#### [EXERCISE MATERIAL]
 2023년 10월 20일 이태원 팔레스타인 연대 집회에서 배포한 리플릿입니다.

* * *

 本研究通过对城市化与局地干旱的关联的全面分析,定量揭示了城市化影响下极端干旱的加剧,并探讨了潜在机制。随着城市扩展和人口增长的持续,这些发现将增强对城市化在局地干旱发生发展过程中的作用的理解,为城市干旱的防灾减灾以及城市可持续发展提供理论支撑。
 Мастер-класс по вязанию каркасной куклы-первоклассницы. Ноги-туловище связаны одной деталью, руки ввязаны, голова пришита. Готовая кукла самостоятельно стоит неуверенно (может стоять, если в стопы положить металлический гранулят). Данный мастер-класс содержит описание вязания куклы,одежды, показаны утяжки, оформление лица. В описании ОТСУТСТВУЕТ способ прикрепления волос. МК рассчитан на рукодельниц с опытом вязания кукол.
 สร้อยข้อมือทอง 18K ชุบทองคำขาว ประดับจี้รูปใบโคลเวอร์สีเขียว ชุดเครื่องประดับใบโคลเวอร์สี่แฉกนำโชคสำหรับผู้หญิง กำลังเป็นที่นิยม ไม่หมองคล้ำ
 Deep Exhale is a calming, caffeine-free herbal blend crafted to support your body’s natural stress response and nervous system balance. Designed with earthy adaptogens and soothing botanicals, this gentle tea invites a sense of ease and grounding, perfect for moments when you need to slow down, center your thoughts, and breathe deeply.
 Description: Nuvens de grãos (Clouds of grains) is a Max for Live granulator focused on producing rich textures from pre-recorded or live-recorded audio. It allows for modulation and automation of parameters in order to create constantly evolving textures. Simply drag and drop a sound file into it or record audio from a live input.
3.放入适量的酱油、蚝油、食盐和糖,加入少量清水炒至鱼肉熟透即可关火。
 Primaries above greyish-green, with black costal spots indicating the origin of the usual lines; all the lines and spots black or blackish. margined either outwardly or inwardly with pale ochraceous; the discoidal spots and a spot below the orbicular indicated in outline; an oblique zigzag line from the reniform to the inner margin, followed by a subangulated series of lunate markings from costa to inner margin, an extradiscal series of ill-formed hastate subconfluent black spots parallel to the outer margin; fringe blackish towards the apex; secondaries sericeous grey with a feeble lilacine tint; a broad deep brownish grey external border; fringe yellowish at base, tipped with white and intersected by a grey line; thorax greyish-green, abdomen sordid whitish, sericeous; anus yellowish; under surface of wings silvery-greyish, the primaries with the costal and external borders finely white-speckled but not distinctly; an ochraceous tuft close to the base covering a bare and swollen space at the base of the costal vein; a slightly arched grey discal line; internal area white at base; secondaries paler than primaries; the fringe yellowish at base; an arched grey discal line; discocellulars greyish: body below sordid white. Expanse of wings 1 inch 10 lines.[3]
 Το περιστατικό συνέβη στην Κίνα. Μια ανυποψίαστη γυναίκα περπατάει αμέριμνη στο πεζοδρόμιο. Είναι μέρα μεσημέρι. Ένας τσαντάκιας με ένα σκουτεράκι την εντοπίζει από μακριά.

#### [WORK TO BE COMPLETED]
Go through the entries and report every line with the string "from".

#### [ANSWER TO THE EXERCISE]
 Description: Nuvens de grãos (Clouds of grains) is a Max for Live granulator focused on producing rich textures from pre-recorded or live-recorded audio. It allows for modulation and automation of parameters in order to create constantly evolving textures. Simply drag and drop a sound file into it or record audio from a live input.
 Primaries above greyish-green, with black costal spots indicating the origin of the usual lines; all the lines and spots black or blackish. margined either outwardly or inwardly with pale ochraceous; the discoidal spots and a spot below the orbicular indicated in outline; an oblique zigzag line from the reniform to the inner margin, followed by a subangulated series of lunate markings from costa to inner margin, an extradiscal series of ill-formed hastate subconfluent black spots parallel to the outer margin; fringe blackish towards the apex; secondaries sericeous grey with a feeble lilacine tint; a broad deep brownish grey external border; fringe yellowish at base, tipped with white and intersected by a grey line; thorax greyish-green, abdomen sordid whitish, sericeous; anus yellowish; under surface of wings silvery-greyish, the primaries with the costal and external borders finely white-speckled but not distinctly; an ochraceous tuft close to the base covering a bare and swollen space at the base of the costal vein; a slightly arched grey discal line; internal area white at base; secondaries paler than primaries; the fringe yellowish at base; an arched grey discal line; discocellulars greyish: body below sordid white. Expanse of wings 1 inch 10 lines.[3]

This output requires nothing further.